Nobody can deny “Some memories are difficult to forget. A favorite of mine is of one early Christmas morning during my childhood. I remember waking up and seeing my mother patiently sewing a little tear on a shirt she said my younger brother was going to wear for church that day. The sun hadn’t fully risen yet and her face was just partly illuminated by an old lamp she kept near the bedside. I can still picture the tired lines on that pretty face and they haunt and amaze me till this day. After a brief greeting, no further words were exchanged between us. My head propped up on my pillow, I just stared at her as she sat near the foot of the bed painstakingly stitching that tiny tear. One little chore yet profound and telling of how she is.

That picture of Christmas morning so long ago has stayed with me always, manifesting itself again and again like the ghost of Christmas past, especially whenever the month of December breathes in. Her bowed face where I see love, sacrifice, patience and dedication are all wrapped up into one perfect December image.”

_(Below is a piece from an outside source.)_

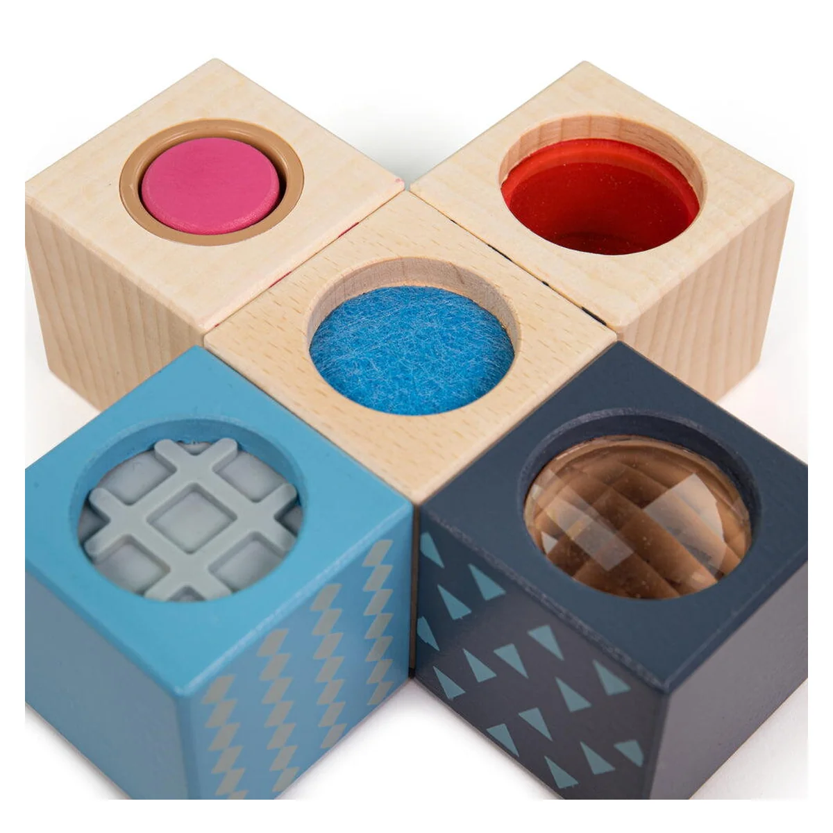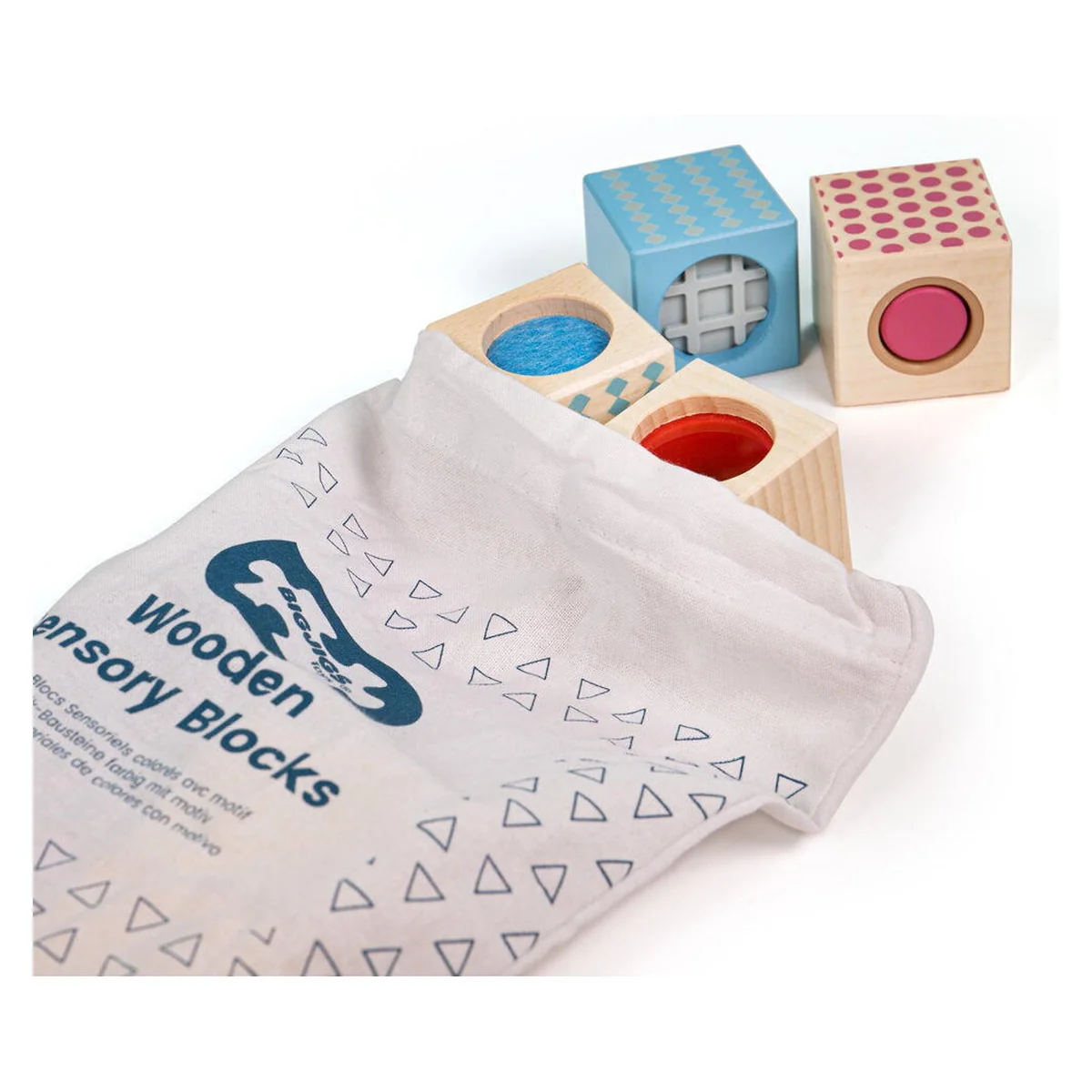 BIGJIGS Toys Set 8 cuburi senzoriale din lemn

I must have been ten years old then. Yet the sensation of drowsily waking up before the first light December mornings like we’ve these days still bring forth, like muscle memory, that image I wish I could relive again if I could. Others may have said this of their own moms but for me, she was the most unselfish person I have known and it humbles no end remembering that.

She would have been 97 years old today. I know old friends and other people just love to mouth ‘bonus’ when it comes to existence beyond seventy but that’s foolish. I’m of the mind to think, if life were a video game, yes. Because if she were still with us today, I can only imagine what her reaction would be to having five great-great grandchildren; all of them rugrats still and eagerly running about. That is as if twenty grandchildren and twenty-one greats were not enough.

I’d imagine during Christmas mornings, her huge tree would be filled with her gifts for the little tots (and she might be half-joking when she’d say “never mind the moms and dads, they’re old enough” to which we’ll all smile.) Truth is, having her to witness all these is the real bonus for us. It makes me wonder, what other little chores would she be coming up with, now that darning torn clothes are beyond her duties? Happy birthday Momsie wherever in heaven you are. See you in a few.